Instructions to follow: Retype nothing except the lines below from the one with "De acordo com" through the one with "Сomposition: hydrangea, eustoma, eucalyptus", exactly, with images left out.

Provided records:
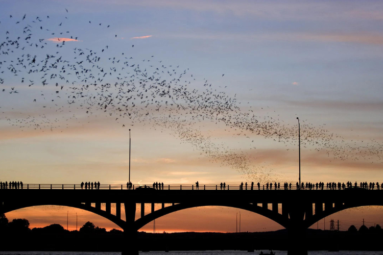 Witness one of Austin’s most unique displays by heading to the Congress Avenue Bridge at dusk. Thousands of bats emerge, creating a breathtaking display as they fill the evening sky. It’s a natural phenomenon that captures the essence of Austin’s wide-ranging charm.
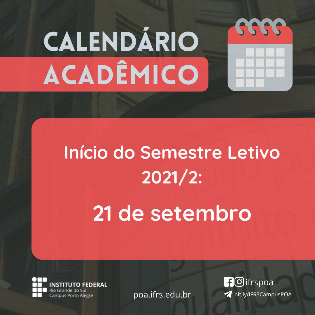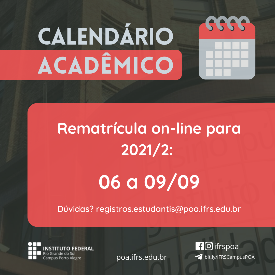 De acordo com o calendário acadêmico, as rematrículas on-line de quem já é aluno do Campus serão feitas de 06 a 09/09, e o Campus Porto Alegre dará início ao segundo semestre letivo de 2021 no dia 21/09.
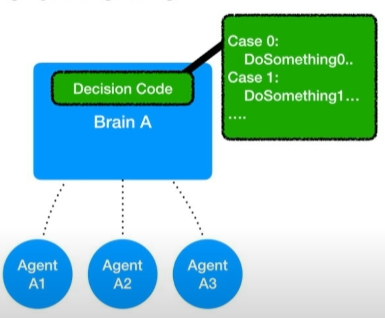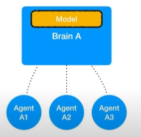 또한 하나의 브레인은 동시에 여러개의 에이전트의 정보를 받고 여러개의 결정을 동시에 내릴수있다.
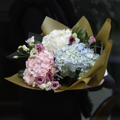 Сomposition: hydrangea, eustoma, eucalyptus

---

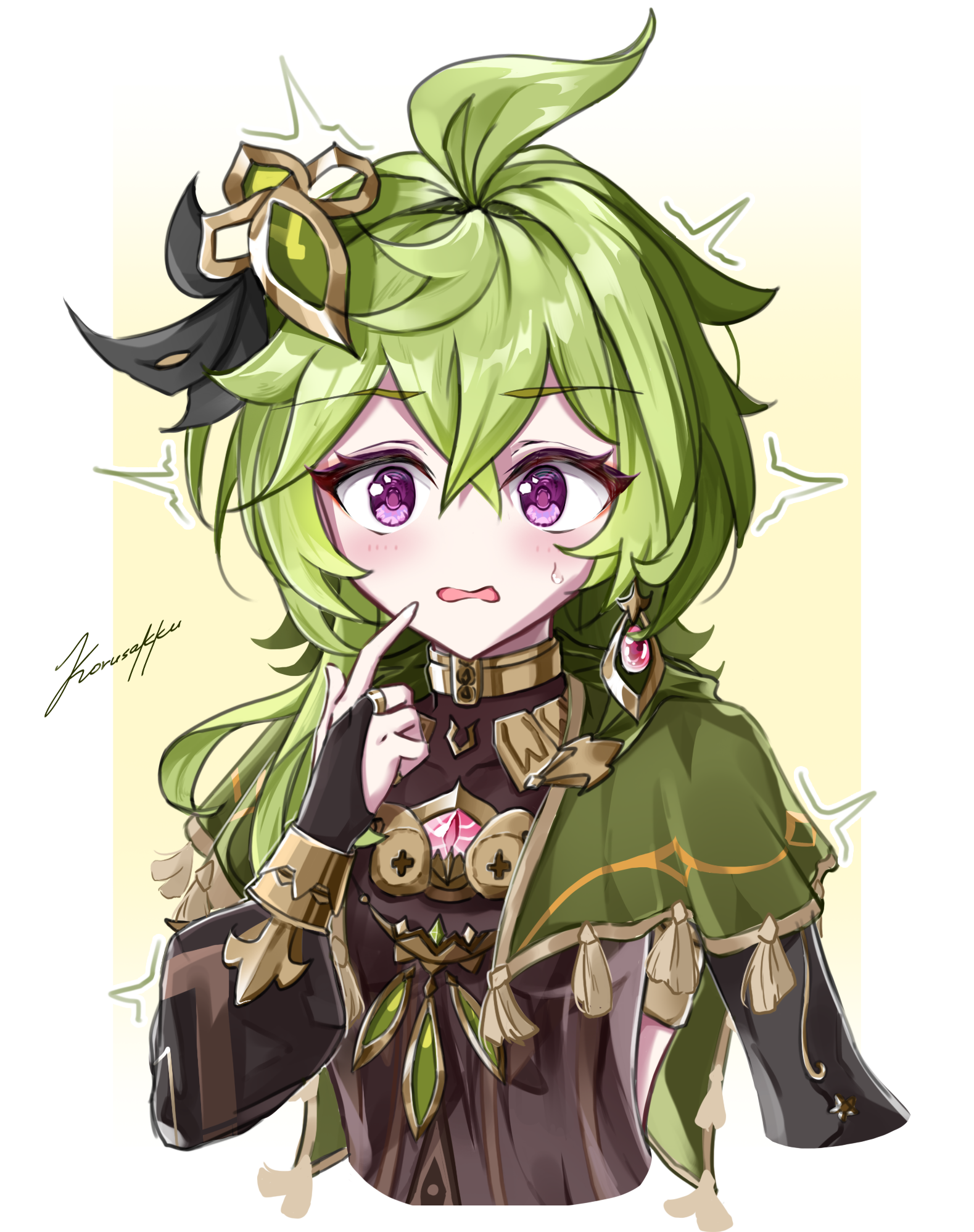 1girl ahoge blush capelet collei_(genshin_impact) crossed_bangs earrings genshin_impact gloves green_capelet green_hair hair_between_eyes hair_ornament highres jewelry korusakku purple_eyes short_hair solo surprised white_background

Reply to the exercise:
 De acordo com o calendário acadêmico, as rematrículas on-line de quem já é aluno do Campus serão feitas de 06 a 09/09, e o Campus Porto Alegre dará início ao segundo semestre letivo de 2021 no dia 21/09.
 또한 하나의 브레인은 동시에 여러개의 에이전트의 정보를 받고 여러개의 결정을 동시에 내릴수있다.
 Сomposition: hydrangea, eustoma, eucalyptus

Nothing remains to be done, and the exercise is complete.